[[ Exercise materials, beginning ]]
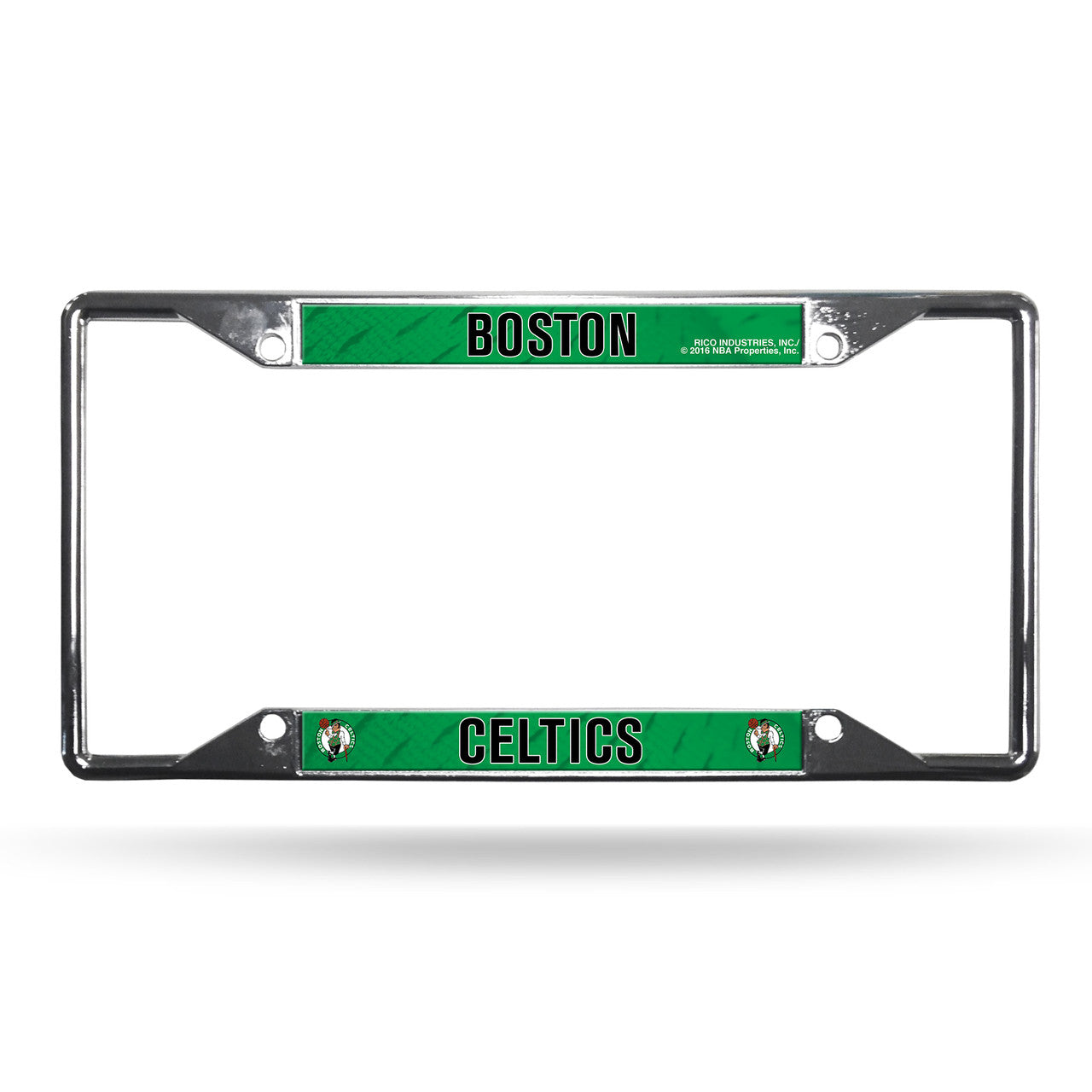 Heavy-duty chrome frame features your the team name and logo in raised letters and vibrant team colors, with pre-drilled holes for easy mounting on any vehicle. Made by Rico Industries.
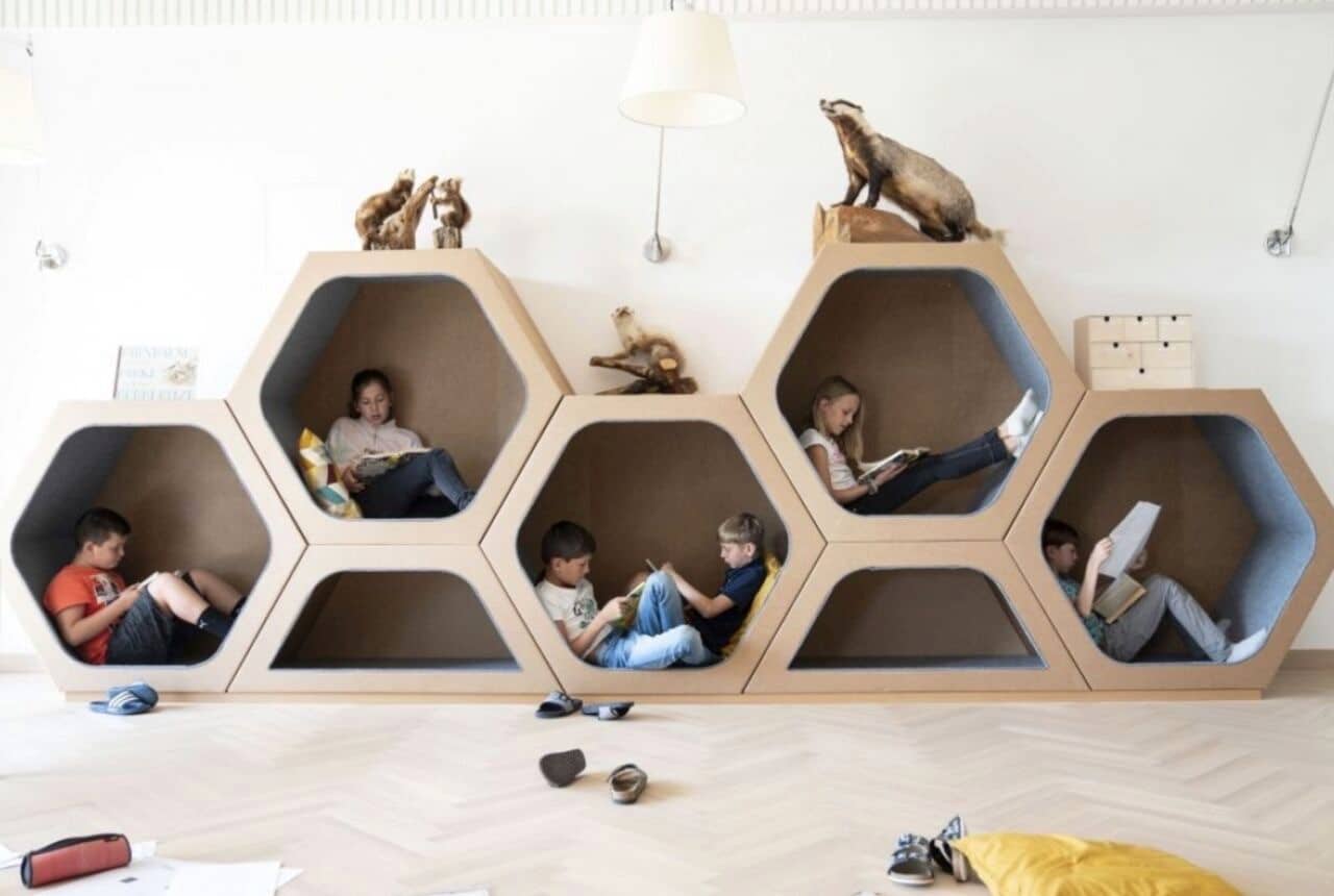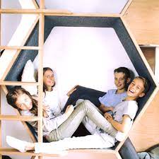 De LearnHONEY is het allerbeste stilte- & rustplekje in de school waar je kunt leren, lezen, loungen en je heerlijk in je eigen honingraat terug kunt trekken. Ideaal om de hallen en doorgaande gangen beter te benutten. Met een kussen of dekentje is dit je lievelingsplek waar je de nodige rust kan vinden en heerlijk een boekje kunt lezen in je eigen cocon/ nestje! De akoestiek van de ruimte word gedempt zodra je in de hexagonale plaats neemt. Het product past perfect bij een Biophilic design waarin we natuurlijke producten en planten gebruiken om de natuur naar binnen te halen, dit heeft een positief effect op ons welbevinden en daardoor op het gedrag.
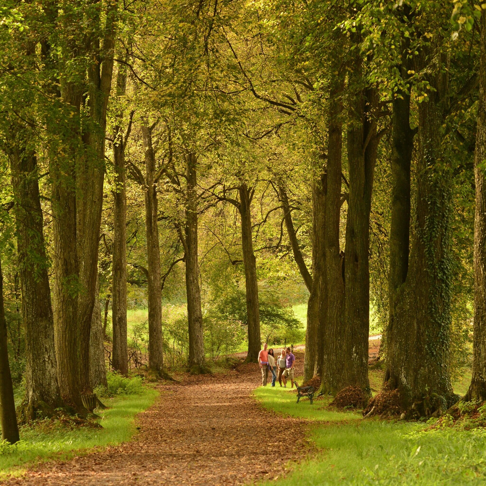 Versäume nicht nach dem letzten Haus auf der linken Seite einen Blick auf die imposanten Ruinenreste des „Rolandsbogen“ zu werfen. Nun wanderst du linksseitig am Parkgelände des „Matzenpark“ vorbei bis zum „Schloss Lipperheide“. Direkt beim Haupteingang des Schlossparkes wieder der Beschilderung Burgenweg folgen. Der Weg führt zwischen dem Löwenteich und Karpfenteich durch, vorbei am „Nymphäum“ und weiter bis zum Ausgang bei der „Burg Matzen“ und „Gut Matzen“. Wirf auf der Nordseite des Hauses von „Gut Matzen“ einen Blick auf die Hausmauer. Hier findest du sämtliche Wappen und Regentzeiten der Gutbesitzer seit Bestehen. Direkt nach dem Haus wieder rechts abbiegen und leicht aufwärts an „Burg Matzen“ vorbei bis zum Waldspielplatz. Nun wieder abwärts und an den Tennisplätzen vorbei bis zum „Matzentor“, dem Osteingang des Parks, gehen.
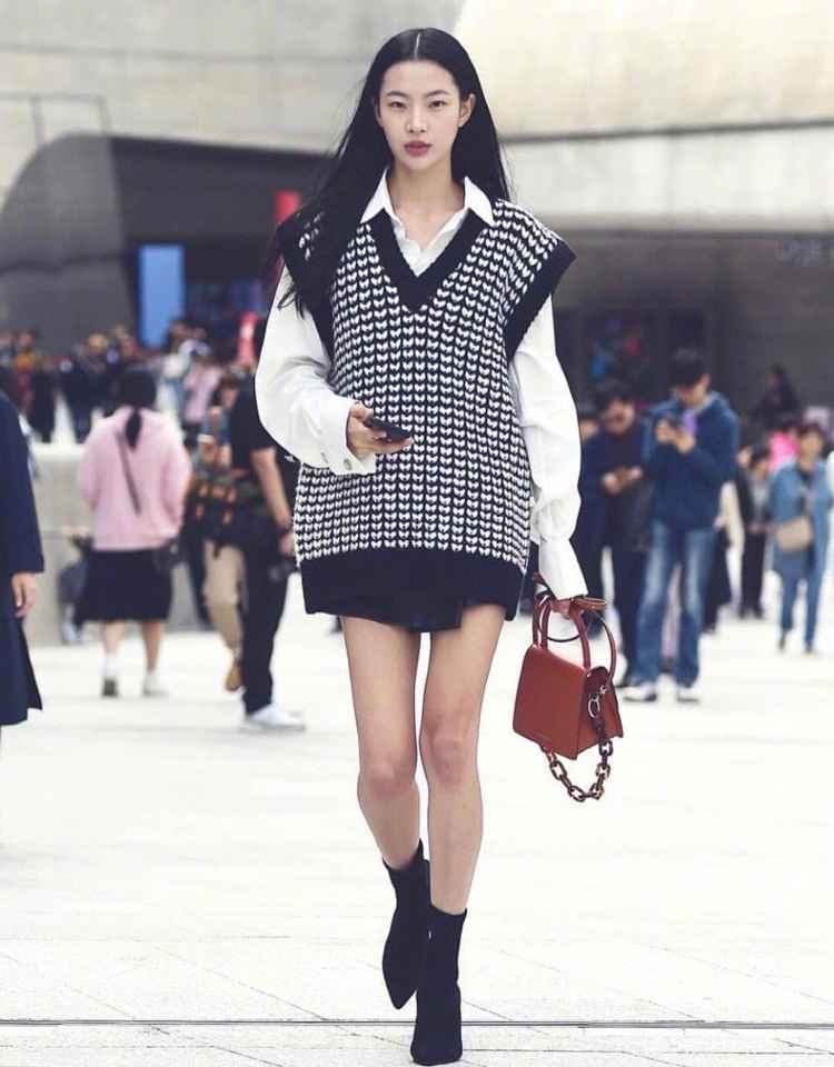 小个子可以试针织马甲玩“下衣失踪”。黑白马甲内搭白衬衫,“内长外短”增加层次,配短裙和高跟鞋,露腿面积大更显高。
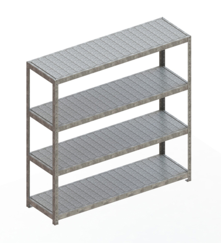 rayonnage de base avec 4 montants avec pieds emboîtables et plateaux conf. à l’offre
[[ Exercise materials, end ]]
▶ _Task instructions_: Give back every record exactly. Omit the pictures.

▶ _Task response_:
 Heavy-duty chrome frame features your the team name and logo in raised letters and vibrant team colors, with pre-drilled holes for easy mounting on any vehicle. Made by Rico Industries.
 De LearnHONEY is het allerbeste stilte- & rustplekje in de school waar je kunt leren, lezen, loungen en je heerlijk in je eigen honingraat terug kunt trekken. Ideaal om de hallen en doorgaande gangen beter te benutten. Met een kussen of dekentje is dit je lievelingsplek waar je de nodige rust kan vinden en heerlijk een boekje kunt lezen in je eigen cocon/ nestje! De akoestiek van de ruimte word gedempt zodra je in de hexagonale plaats neemt. Het product past perfect bij een Biophilic design waarin we natuurlijke producten en planten gebruiken om de natuur naar binnen te halen, dit heeft een positief effect op ons welbevinden en daardoor op het gedrag.
 Versäume nicht nach dem letzten Haus auf der linken Seite einen Blick auf die imposanten Ruinenreste des „Rolandsbogen“ zu werfen. Nun wanderst du linksseitig am Parkgelände des „Matzenpark“ vorbei bis zum „Schloss Lipperheide“. Direkt beim Haupteingang des Schlossparkes wieder der Beschilderung Burgenweg folgen. Der Weg führt zwischen dem Löwenteich und Karpfenteich durch, vorbei am „Nymphäum“ und weiter bis zum Ausgang bei der „Burg Matzen“ und „Gut Matzen“. Wirf auf der Nordseite des Hauses von „Gut Matzen“ einen Blick auf die Hausmauer. Hier findest du sämtliche Wappen und Regentzeiten der Gutbesitzer seit Bestehen. Direkt nach dem Haus wieder rechts abbiegen und leicht aufwärts an „Burg Matzen“ vorbei bis zum Waldspielplatz. Nun wieder abwärts und an den Tennisplätzen vorbei bis zum „Matzentor“, dem Osteingang des Parks, gehen.
 小个子可以试针织马甲玩“下衣失踪”。黑白马甲内搭白衬衫,“内长外短”增加层次,配短裙和高跟鞋,露腿面积大更显高。
 rayonnage de base avec 4 montants avec pieds emboîtables et plateaux conf. à l’offre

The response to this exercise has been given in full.